What is being asked
Do not copy the pictures. Write out the lines from the start of the entries through the line containing "顎式破碎機(jī)由六大部分".

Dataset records
──────────────────────────────
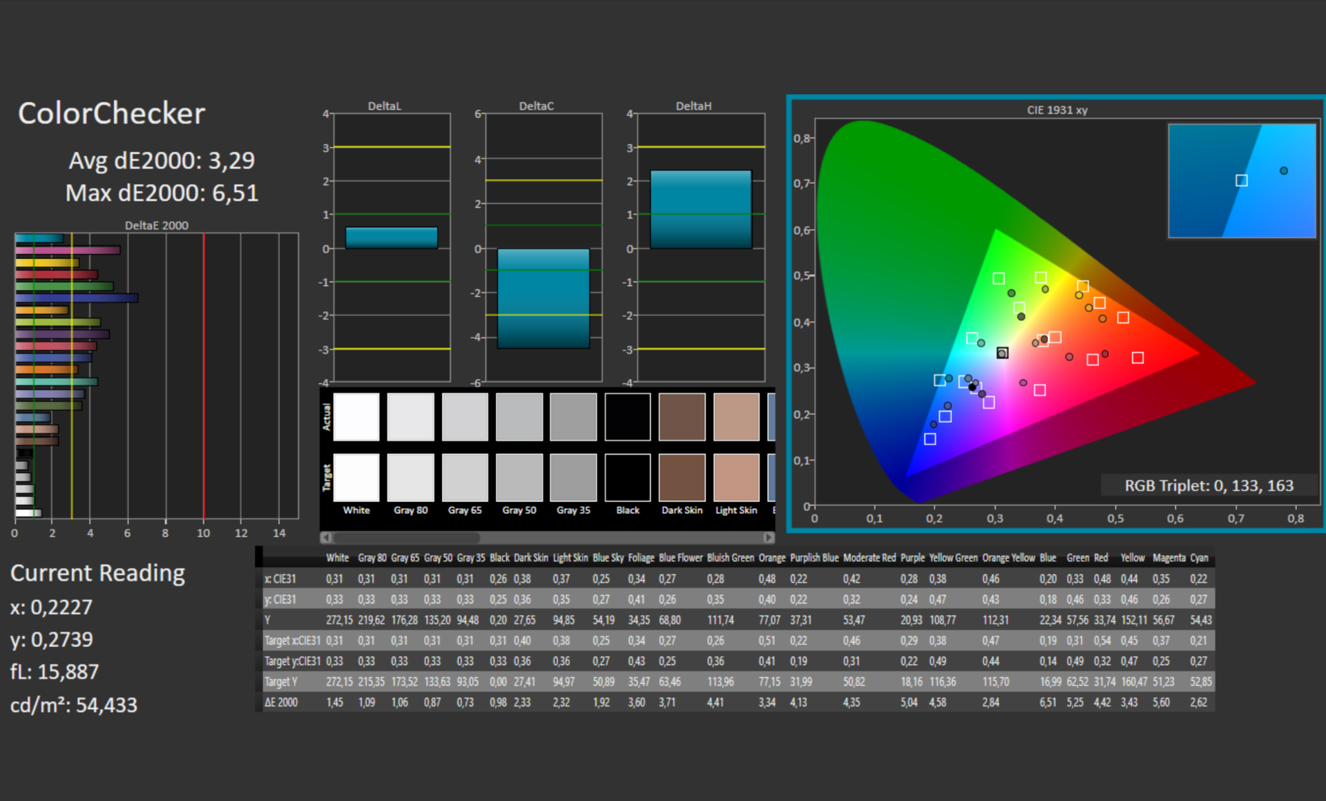| Colorchecker dE 2000 max. * | 6.22 | 17.7 -185% | 3.8 39% | 6.83 -10% | 3 52% | 4.35 30% |
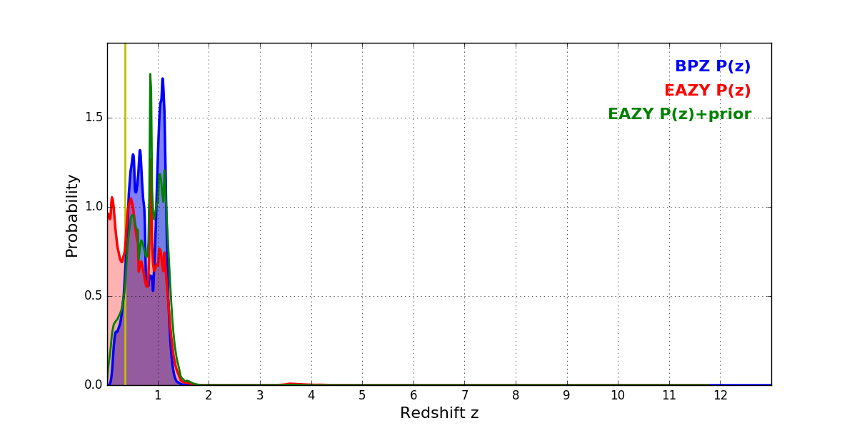 In P(z) plots: Yellow lines mark the cluster redshift z = 0.356,
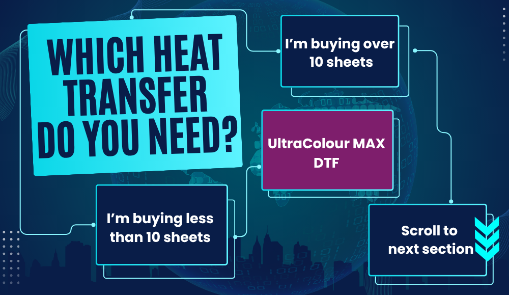 To help you find the right heat transfer for each job, we've created a handy quiz. Find which heat transfer is right for the order you're placing based on the number of colours in the design & the quantity you need
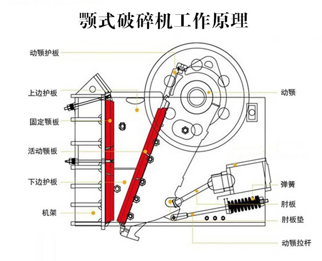 顎式破碎機(jī)由六大部分組成,分別為機(jī)架、傳動(dòng)部分(電機(jī)、飛輪、皮帶輪、偏心軸)、破碎部分(動(dòng)顎、動(dòng)顎板、定顎板)、保險(xiǎn)裝置(肘板、彈簧拉桿部)、調(diào)整部分、潤(rùn)滑裝置。
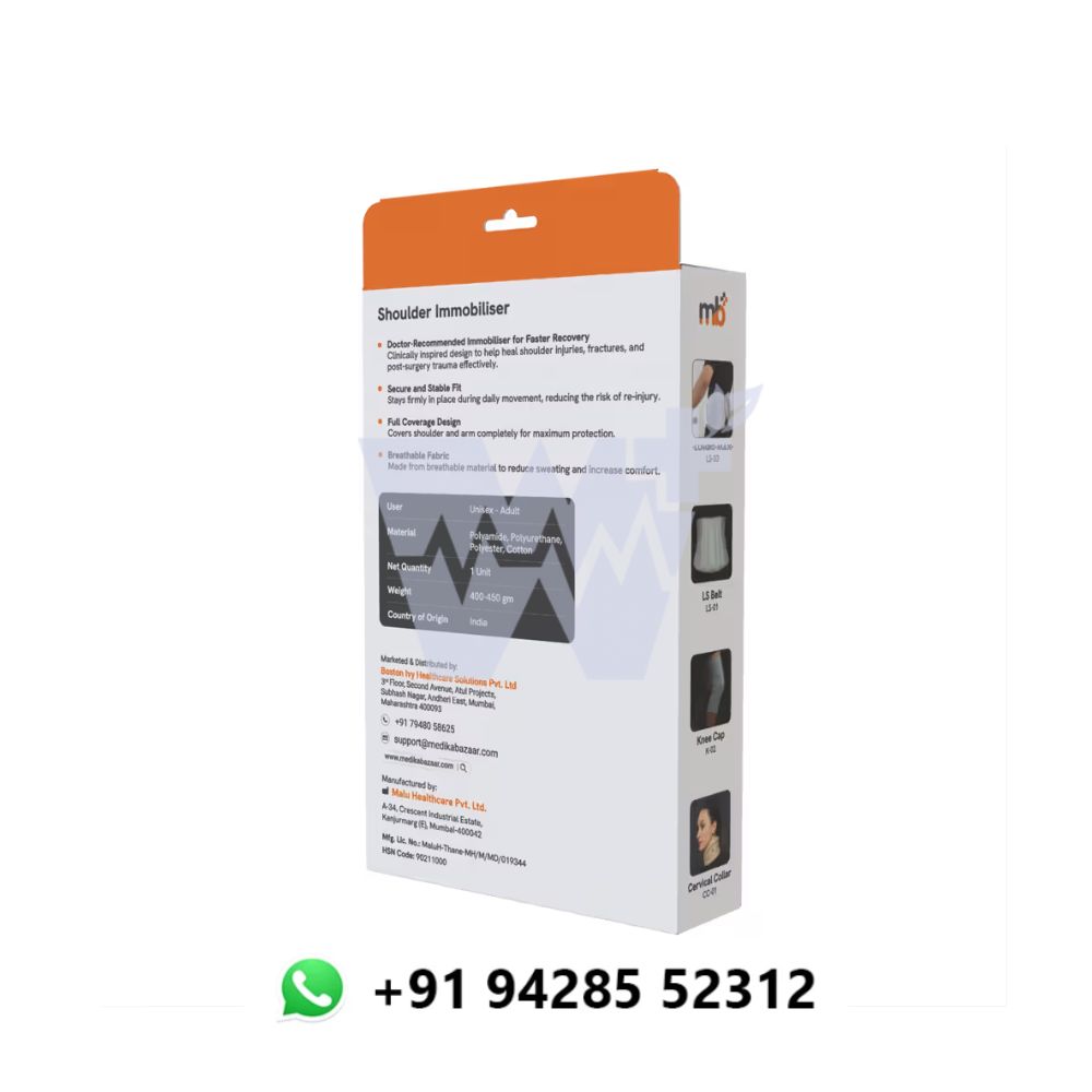 The MB+ Malu Shoulder Immobilizer is designed to provide optimal support and immobilization for individuals recovering from shoulder surgeries, dislocations, or injuries. It helps restrict shoulder movement to facilitate healing while ensuring comfort during extended wear. The lightweight, breathable material offers excellent durability and minimizes irritation. Featuring adjustable straps, it provides a secure, customized fit for various body sizes, making it suitable for all-day use. Whether recovering from rotator cuff surgery, fractures, or soft tissue injuries, the MB+ Malu Shoulder Immobilizer ensures effective immobilization and stability throughout the healing process.
──────────────────────────────
Written response
| Colorchecker dE 2000 max. * | 6.22 | 17.7 -185% | 3.8 39% | 6.83 -10% | 3 52% | 4.35 30% |
 In P(z) plots: Yellow lines mark the cluster redshift z = 0.356,
 To help you find the right heat transfer for each job, we've created a handy quiz. Find which heat transfer is right for the order you're placing based on the number of colours in the design & the quantity you need
 顎式破碎機(jī)由六大部分組成,分別為機(jī)架、傳動(dòng)部分(電機(jī)、飛輪、皮帶輪、偏心軸)、破碎部分(動(dòng)顎、動(dòng)顎板、定顎板)、保險(xiǎn)裝置(肘板、彈簧拉桿部)、調(diào)整部分、潤(rùn)滑裝置。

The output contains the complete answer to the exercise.